In his most famous work, The Souls of Black Folk, Du Bois highlighted the “double consciousness” felt by African Americans: “One ever feels his two-ness—an American, a Negro; two souls, two thoughts, two unreconciled strivings; two warring ideals in one dark body, whose dogged strength alone keeps it from being torn asunder.” Du Bois spent his career exploring this double consciousness and how it inevitably hindered Black progress. A young White visitor to Mississippi in 1910 noticed that nearly every Black person he met had “two distinct social selves, the one he reveals to his own people, the other he assumes among the whites.”
Trim and dapper, Du Bois had a flamboyant personality and a combative spirit. Not long after he began teaching at Atlanta University in 1897, he criticized Booker T. Washington’s conservative strategy for improving the quality of life for African Americans. Du Bois called Washington’s 1895 speech “the Atlanta Compromise” and the name stuck. Washington, he charged, was a coward so determined to please powerful Whites that he “accepted the alleged inferiority of the Negro” so Blacks could “concentrate all their energies on industrial education, the accumulation of wealth, and the conciliation of the South.”
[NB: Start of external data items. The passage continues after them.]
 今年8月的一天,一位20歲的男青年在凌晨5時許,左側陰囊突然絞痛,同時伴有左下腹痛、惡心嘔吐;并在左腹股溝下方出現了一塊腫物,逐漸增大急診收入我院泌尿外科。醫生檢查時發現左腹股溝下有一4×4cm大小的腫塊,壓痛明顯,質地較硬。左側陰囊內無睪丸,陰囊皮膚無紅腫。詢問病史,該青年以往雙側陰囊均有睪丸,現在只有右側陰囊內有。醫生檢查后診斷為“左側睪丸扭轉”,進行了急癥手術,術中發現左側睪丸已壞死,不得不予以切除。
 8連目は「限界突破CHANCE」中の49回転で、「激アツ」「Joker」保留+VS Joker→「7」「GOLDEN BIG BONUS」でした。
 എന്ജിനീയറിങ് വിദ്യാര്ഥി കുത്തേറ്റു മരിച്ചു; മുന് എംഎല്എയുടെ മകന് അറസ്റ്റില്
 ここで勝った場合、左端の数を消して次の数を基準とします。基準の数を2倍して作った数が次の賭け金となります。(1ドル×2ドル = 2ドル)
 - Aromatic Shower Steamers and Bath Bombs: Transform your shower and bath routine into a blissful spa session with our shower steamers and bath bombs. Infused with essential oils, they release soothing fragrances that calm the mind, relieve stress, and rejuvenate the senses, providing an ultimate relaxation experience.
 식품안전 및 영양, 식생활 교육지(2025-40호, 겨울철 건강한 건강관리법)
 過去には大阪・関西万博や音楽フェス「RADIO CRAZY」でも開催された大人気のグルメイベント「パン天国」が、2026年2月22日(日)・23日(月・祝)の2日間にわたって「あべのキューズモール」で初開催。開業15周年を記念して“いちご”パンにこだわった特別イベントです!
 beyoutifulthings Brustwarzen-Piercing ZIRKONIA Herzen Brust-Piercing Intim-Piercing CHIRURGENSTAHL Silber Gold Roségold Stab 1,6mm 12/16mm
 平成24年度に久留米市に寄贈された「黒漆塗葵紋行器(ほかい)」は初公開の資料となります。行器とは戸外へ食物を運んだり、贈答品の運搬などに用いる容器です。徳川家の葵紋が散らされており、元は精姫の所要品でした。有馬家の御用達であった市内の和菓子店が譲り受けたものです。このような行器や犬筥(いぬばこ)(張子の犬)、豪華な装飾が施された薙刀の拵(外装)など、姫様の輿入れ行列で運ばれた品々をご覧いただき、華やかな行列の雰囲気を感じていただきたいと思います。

Du Bois stressed that the priorities should be reversed—that African American leaders should adopt a strategy of “ceaseless agitation” directed at ensuring the right to vote and winning civil equality. The education of Blacks, Du Bois maintained, should not be merely vocational but should focus on developing bold leaders willing to challenge segregation and discrimination. He demanded that disenfranchisement and legalized segregation cease immediately and that the laws of the land be enforced.
For his part, Washington stressed that Du Bois, a new Englander, never understood the brutal dynamics of southern racism. A more militant strategy in the South would only have gotten more Blacks lynched. Nor did Du Bois or other critics know that Washington secretly financed legal efforts to oppose Jim Crow laws. Such “quiet efforts,” he noted, were more successful and realistic than the “brass band” approach championed by Du Bois. The dispute between Washington and Du Bois over tactics exposed the tensions that would divide the twentieth-century civil rights movement: militancy versus conciliation, separatism versus assimilation, social justice versus economic opportunities. By 1915, when Washington died, the leadership of the nation’s Black community was passing to Du Bois and others whose uncompromising effort to gain true equality signaled the beginning of the civil rights century.
Glossary
- Mississippi Plan (1890)
- Series of state constitutional amendments that sought to disenfranchise Black voters and was quickly adopted by nine other southern states.
- separate but equal
- Underlying principle behind segregation that was legitimized by the Supreme Court ruling in Plessy v. Ferguson (1896).
- Wilmington Insurrection (1898)
- Led by Alfred Waddell in Wilmington, North Carolina, White supremacists rampaged through the Black community, overthrew the local government, and forced over 2,000 African Americans into exile.
- Atlanta Compromise (1895)
- Speech by Booker T. Washington that called for the Black community to strive for economic prosperity before demanding political and social equality.